Of course, this paper surveyed only a few of the recent advances in cylindrical algebraic decomposition. Others include (but are not limited to):

  • The use of certified numerics in the lifting phase to minimise the amount of symbolic computation required [Str06, IYAY13].

  • Local projection schemes [Str14], generic projection schemes [SS03] and single CAD cells [Bro13, JdM12].

  • Problem formulation for CAD [DSS04, BDEW13, WEDB14] (projection and lifting) [EBDW14, EBC+14] (regular chains). These all develop heuristics to help with choices, while [HEW+14] applies machine learning in the form of support vector machines to pick a heuristic.
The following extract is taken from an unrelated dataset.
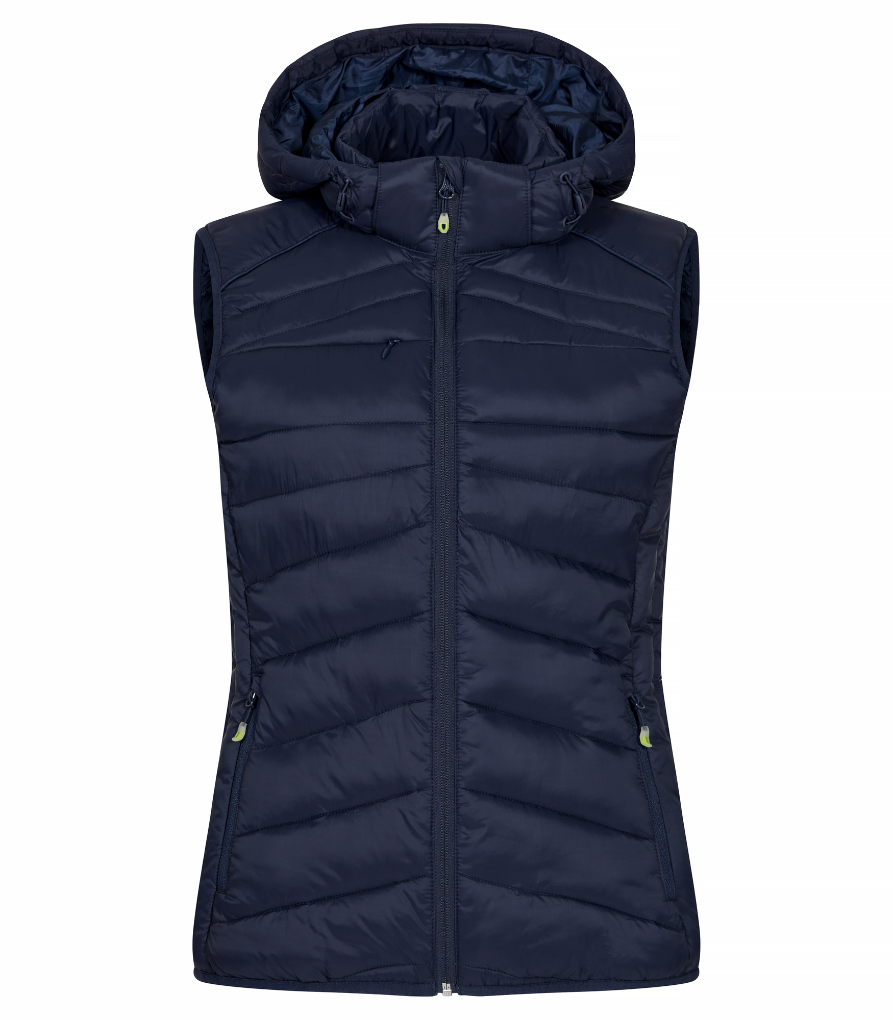 Idaho Vest Women er den ideelle løsning til kvinder, der værdsætter både stil og funktionalitet. Denne varme og lette vest er designet med dunlignende polstring, der sikrer komfort i koldt vejr. Vesten er fremstillet af 100 procent recycled polyamid, hvilket gør den til et bæredygtigt valg. Med tre udvendige lommer med lynlås og to praktiske inderlommer kan du nemt opbevare dine ejendele sikkert. Den elastiske tape på krop og arme sikrer en perfekt pasform, og den damemodel, der kommer med en aftagelig hætte, giver dig mulighed for at tilpasse din stil. Derudover har vesten en farvet strop, høretelefonløsning og lynlåsskyder, hvilket gør den til en moderne og funktionel beklædningsgenstand for enhver anledning.

  • Work on cylindrical algebraic sub-decompositions, which return only a subset of the cells in a full CAD [Sei06]. In [WBDE14] algorithms are given to return cells that lie on a prescribed variety, or have a designated dimension, while in [WDEB13] these techniques are combined to solve a motion planning problem. Note that if restricting to cells of full dimension then sample points can always be chosen to be rational, greatly reducing running time.

There are numerous unsolved problems, both theoretical and practical. Three that stand out to the authors are the following.

  1. 1.

    There is no complexity analysis of the Regular Chains method (though clearly it is subject to the lower bounds in Sect. 5).

  2. 2.

    There has been much progress in the last forty years, but implementations (at least for systems with alternations of quantifiers) are still doubly-exponential in the number of variables while the theory suggests we can do better.

  3. 3.

    Cylindricity is needed in step 3 of quantifier elimination, as \(\exists \) translates into \(\bigvee \) and \(\forall \) into \(\bigwedge \). However, in fact we only need this at the points where \(\exists \) and \(\forall \) alternate, so we can weaken the definition of cylindricity from being true for all \(\pi _k\) to merely being true for those k where \(x_k\) and \(x_{k+1}\) are governed by different quantifiers (or where \(x_k\) is unquantified but \(x_{k+1}\) is quantified, a concept we can call block-cylindrical. Unfortunately, we currently know of no way of computing a block-cylindrical algebraic decomposition without computing the full cylindrical algebraic decomposition first.